Gendered Harassment in secondary schools:
Understanding teachers' (non) Interventions
Elizabeth J. Meyer
This article is based on six comprehensive interviews, that were completed with a diverse group of Canadian teachers who work in secondary urban public schools. This article written by Meyer, includes an analysis of the teachers perceptions and responses to incidences of harassment in their schools. The goal of this article is to gain a better understanding of the intricate factors that mold how educators view and respond to harassment, so that teachers and administrators can develop more affective solutions to reducing the unfortunate bullying and harassing that is present in schools today.
While reading Meyer's article on harassment in secondary schools,
several great discussion questions came to mind.
1. What are the complex factors that shape how teachers view and respond to gendered harassment?
2. According to Meyer, students report that teachers stand by and allow biased and hurtful behaviors go unchallenged. Why are sexual and homophobic harassment accepted parts of school culture where faculty and staff rarely or never intervene to stop harassment? How come faculty and staff do not consistently intervene to stop these undesired behaviors?
3. Meyer developed a theoretical model that emerged from the interview process. There are four tiers in this model that demonstrate the relationship between the main factors that influence how teachers respond to gendered harassment in school. What are the four main tiers in this model?
4. Meyer expressed that many of the teachers felt that their teacher education programs did not sufficiently prepare them to address incidents of harassment or bullying. The interviewees felt that they did not feel that they had many opportunities to pursue additional training in this area since they were encouraged to do professional development primarily in their area of instruction. How can teachers improve their practice and receive proper training? If it is not offered within their teacher education program, what are some other options that educators have? What resources are available and where can they go to attain appropriate training to prevent bullying and harassment in school?
5. Many of the teachers that were interviewed expressed concerns about their lack of awareness of and attention to the issues of racism, sexism, and homophobia within their schools. They also mentioned concern for their lack of knowledge on school policies such as bullying. Many of the educators did not have a clear understanding of these extremely important policies. As a whole, Meyer believes that there are many structural obstacles that exist and prevent educators from responding consistently and effectively to incidents of gendered harassment. How can we increase the awareness of racism, sexism, and homophobia in schools? How can schools provide clearly stated policies for teachers that indicate exactly how to address various forms of bullying and how teachers should enforce and apply these specific school policies?

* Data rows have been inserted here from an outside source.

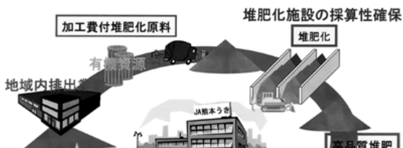
図2 有機資源循環に向けた法整備

堆肥加工費付きの堆肥原料の確保 有機資源循環の実践＝持続型農業への転進 高付加価値作物の生産と流通 地域密着型の農業経営へ(流通業界との連携)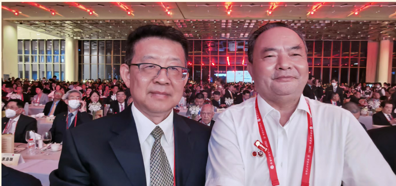
罗大友参加第十六届世界华商大会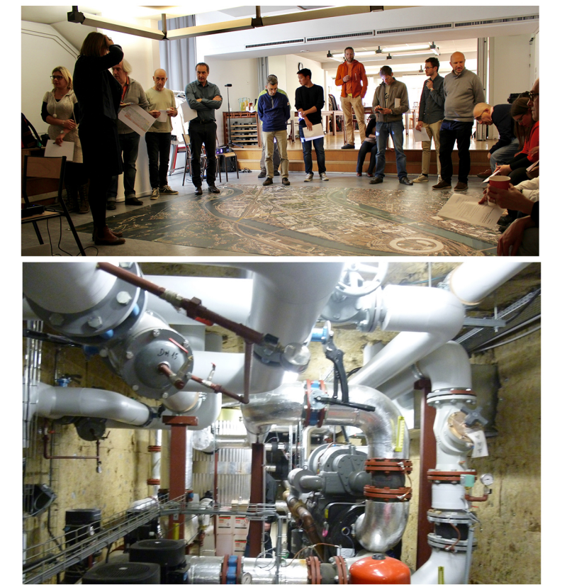
Séminaire int. / Itinéraire

3 thématiques de recherche comme autant d'enjeux pour penser à l'échelle du bâtiment et du quartier: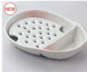
NEW 47-501-16 900円 やっこ鉢ピンク吹 (17×13×3.2) 604750116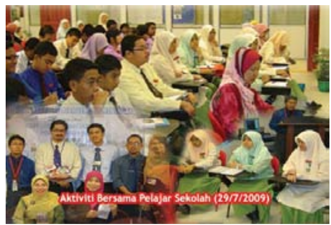
Aktiviti Bersama Pelajar Sekolah (29/7/2009)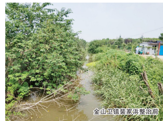
金山卫镇裴家浜整治前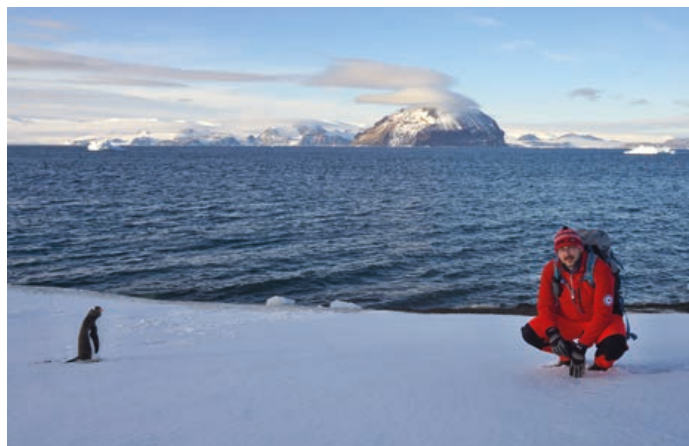
I v tak pusté krajině člověk občas narazí na „spřízněnou duši“.

Tam je hlavní problém s tekoucí pitnou vodou. V tom jsme byli dost závislí na počasí a mrazu. Obecně je tam vody dost. Ale buď je slaná, a ta nejde použít prakticky na nic, protože její korozivní účinky jsou enormní a i odpad by rychle vzal za své, kdyby se používala třeba na splachování. Nebo je tam voda sladká, ale ta je většinou zmrzlá. Studny tam hloubit nelze, je tam permafrost, čili věčně promrzlá půda, kdy toto promrznutí sahá několik set metrů hluboko. Ale v létě, když se tam přeci jen trochu oteplí, tak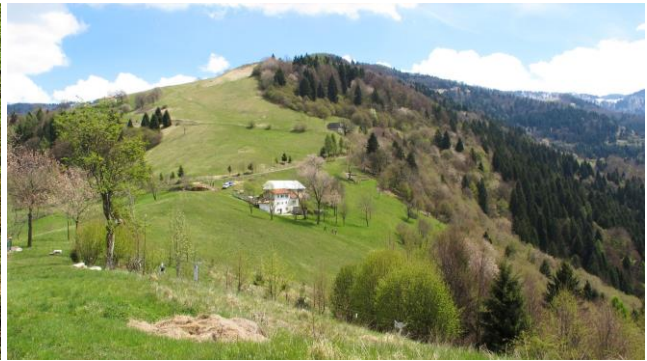
Col dei Prai

Qui prendiamo a sinistra il sentiero Cai 10 che sale su mulattiera lastricata detta "Le Scalette" che porta alla casa Costa. Lungo la salita si può fare una breve deviazione alla casa Coli mt. 690 dove un cartello porta a vedere delle tombe di età longobarda. Ritornati sulla mulattiera segnava 10 proseguiamo la salita raggiungendo il col Lavar e le case Costa mt. 915. Lasciate le case Costa e attraversata la strada il sentiero sale la dorsale erbosa di Col Lavar, un bel punto panoramico, fino a immettersi sulla strada comunale del Col dei Prai in località La Ritonda che seguiamo passando per case Rizzoni mt. 1185. Passiamo il Col dei Prai raggiungiamo un bivio (diritti verso malga Fiabernù e Forcelletto) quotato mt. 1289 dove deviamo a destra scendendo lungo una strada che porta prima alla casera Col dei Britti mt. 1230 e poi a casera Bobo mt. 1175 dove incrociamo il sentiero Cai 13 proveniente dal Forcelletto. Proseguiamo la discesa sul sentiero 13 attraversando i pascoli sotto casera Col dell'Innocente mt. 1135 raggiungendo case Vanin mt. 1072. Proseguiamo la discesa in val Lavello fino alla località Fagher mt. 651 dove incrocia la mulattiera della Val goccia sentiero Cai 20 che sale a case Magnola e a località Finestron. Ora scendendo per la val Goccia ripassando per "I Capitelli" rifacciamo il percorso dell'andata ritornando a Cismon del Grappa. Bicchierata di fine escursione e rientro con il ns. pullman a Padova.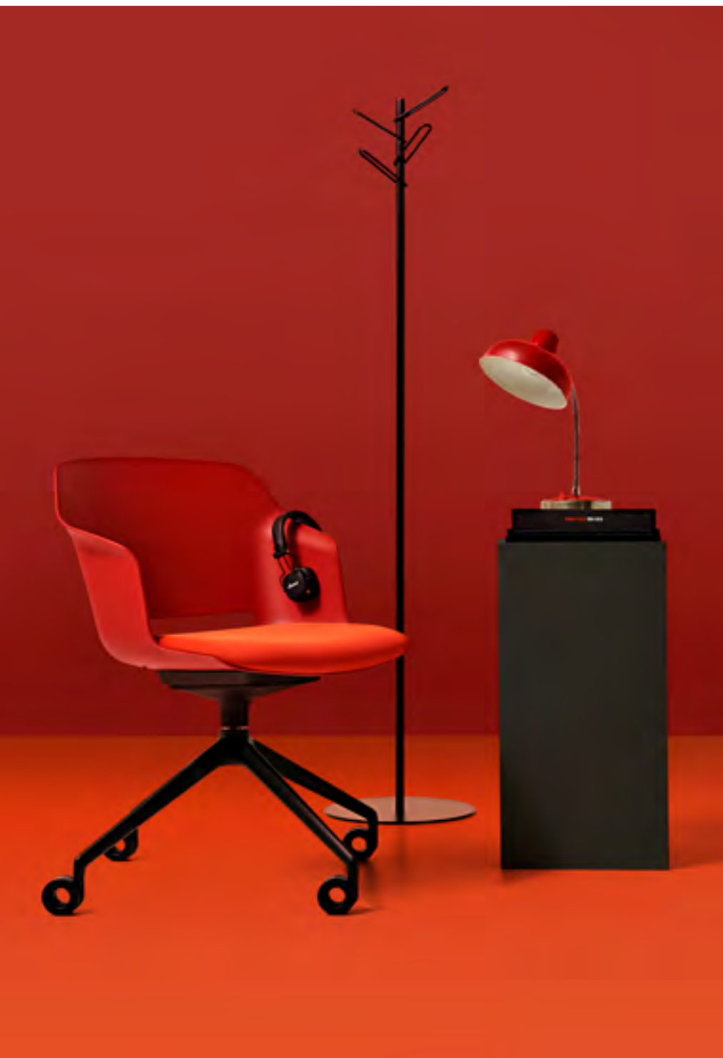
Clop task chair / One 4528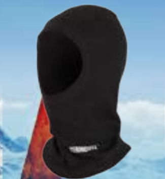
KUKLA 50%BAVLNA 50%POLYPROPYLÉN ČIERNA UNI ART. 85151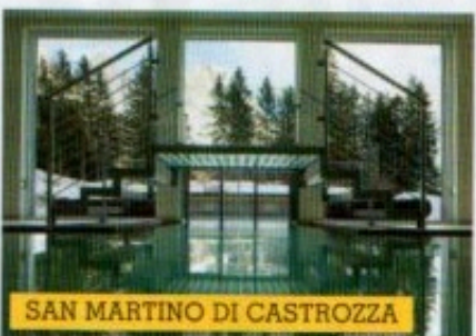
SAN MARTINO DI CASTROZZA

D opo l'autunno anomalo dell'Europa, dal global warming ci aspettiamo di tutto, anche che trasformi il bianco Natale in un beach party . Un recente studio dell'Unione Europea sul clima in 22 stazioni invernali delle Alpi suggerisce a quelle sotto i 1500 metri di cercare alternative allo sci, perché la temperatura è aumentata fino al doppio rispetto a quella globale: entro il 2050 la neve potrebbe non esserci più. Ma niente paura, le neviccate quest'anno ci saranno, anche fino a quote pianeggianti, dice il meteo 2012 della Nasa: ecco 8 idee da qui al disgelo, per ogni montagna, dalla tribù di famiglia in trasferta alla «single-altitudine» perfetta.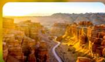
Charyn Canyon+Black Canyon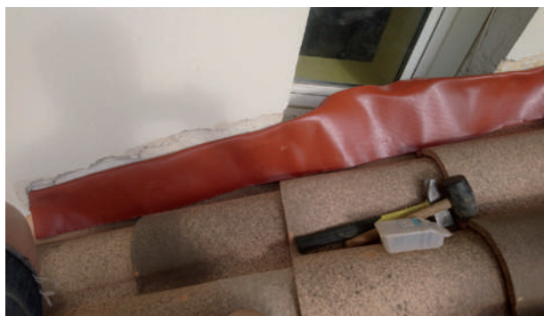
ABERGEMENTS SUR DIFFÉRENTS NIVEAUX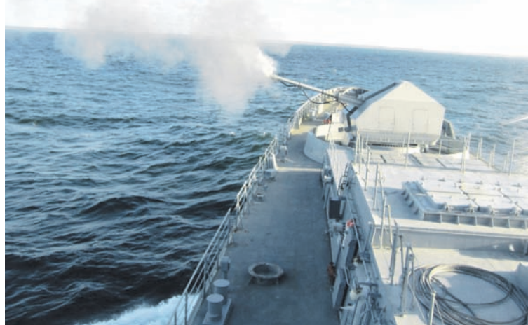
Практические стрельбы корабельной артустановки «А-190».

ряда пристрелочных и двадцать шесть на поражение. Средства объективного контроля фиксировали точность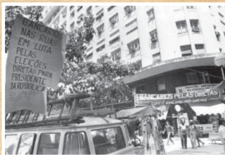
DIRETAS - Campanha pelas Diretas, Já. Comício na Candelária reúne mais de um milhão de pessoas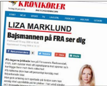
BLOGGKRIGET engagerar många människor, bland andra den så kallade "Bajsmannen" som även gjort Liza marklund till sitt hatobjekt.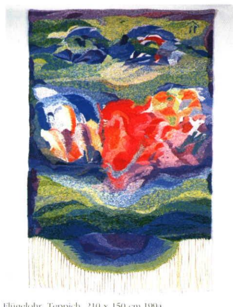
Flügelohr, Teppich, 210 x 150 cm, 1994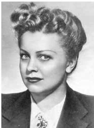
Людмила ЦЕЛИКОВСКАЯ Советская актриса (1919). «Я ничего не боялась в этой жизни»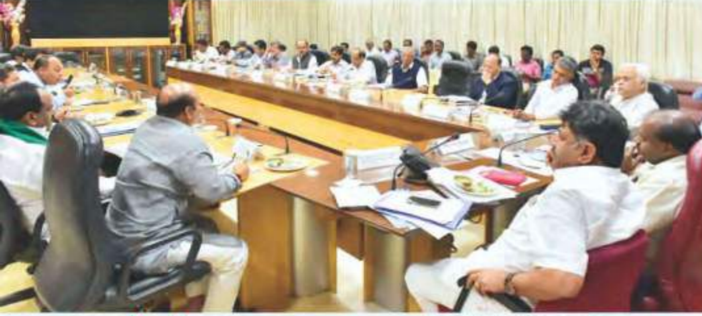
ಮಹದಾಯಿ ಯೋಜನೆ ಬಗ್ಗೆ ದೀರೋಧ ಪಕ್ಷಗಳು, ನೀರಾವರಿ ತಜ್ಞರು ಮತ್ತು ರೈತರೊಂದಿಗೆ ಚರ್ಚೆ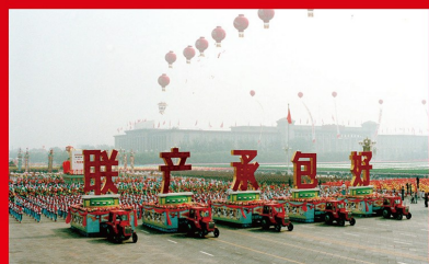
党的十一届三中全会前后，面对严重的农村经济形势，全国一些地方实行“放宽政策”“休养生息”的方针，率先进行改革试验。1980年5月，邓小平指出：农村政策放宽以后，一些适宜搞包产到户的地方搞了包产到户，效果很好，变化很快。图为1984年国庆35周年群众游行队伍中的“联产承包好”彩车。

党的十一届三中全会以来，以邓小平同志为核心的党的第二代中央领导集体，顺应时代潮流和人民意愿，带领全党全国各族人民，深刻总结我国社会主义建设正反两方面经验，借鉴世界社会主义历史经验，彻底扭转十年内乱造成的严重局面，重新确立解放思想、实事求是的思想路线，作出把党和国家工作中心转移到经济建设上来、实行改革开放的历史性决策，深刻揭示社会主义本质，确立社会主义初级阶段基本路线，明确提出走自己的路、建设中国特色社会主义，创立了邓小平理论，成功开创了中国特色社会主义。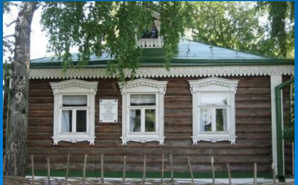
Дом родителей Есенина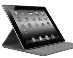
Планшеты с 3G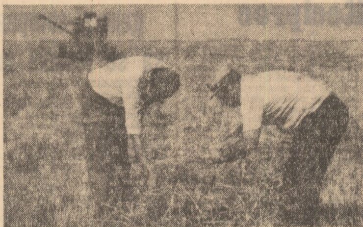
Controlul calității secerișului stă permanent în atenția specialiștilor de la I.A.S. Titu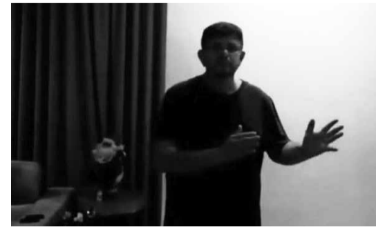
Deputado Federal Fábio Ramalho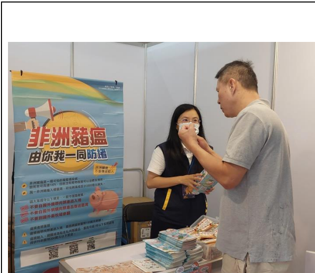
圖 1. 與寵物展區設置攤位，提供參展民眾諮詢動植物檢疫相關法規，另提供宣導摺頁供民眾索取。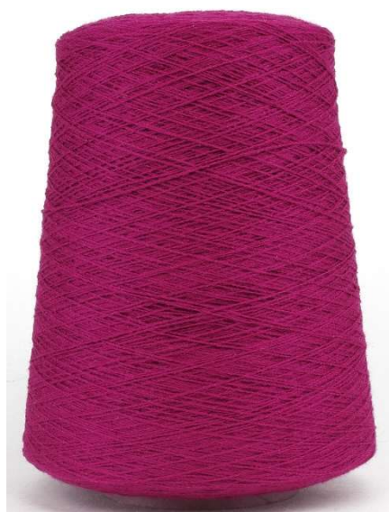
Farbe Magenta Farbnummer. LZK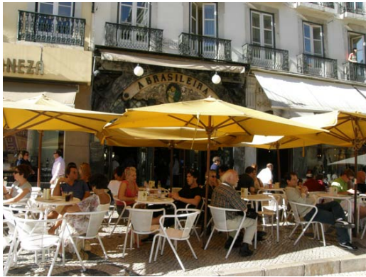
10) Café “A Brasileira”

se concentravam, além da E(S)BAL, importantes instituições, como a ANBA – Academia Nacional de Belas Artes; os teatros de S. Carlos e de S. Luís e o Conservatório de Música, bem como várias livrarias que desempenhavam também um papel relevante no domínio cultural e na oposição ao regime.

6. Meyer states that there is a huge connection between personal experiences and discrimination. Many of the teachers that were interviewed made it clear that the significant influence of their personal identities and their own experiences in school shaped how they perceived and acted in the culture of their school. Although many teachers have experiences that have impacted their lives tremendously, how do we raise the awareness of teachers who have not gained meaningful personal experiences involving discrimination?
I found this article written by Elizabeth Meyer to be very informative :)
Ending bullying and harassment, and promoting sexual diversity in schools.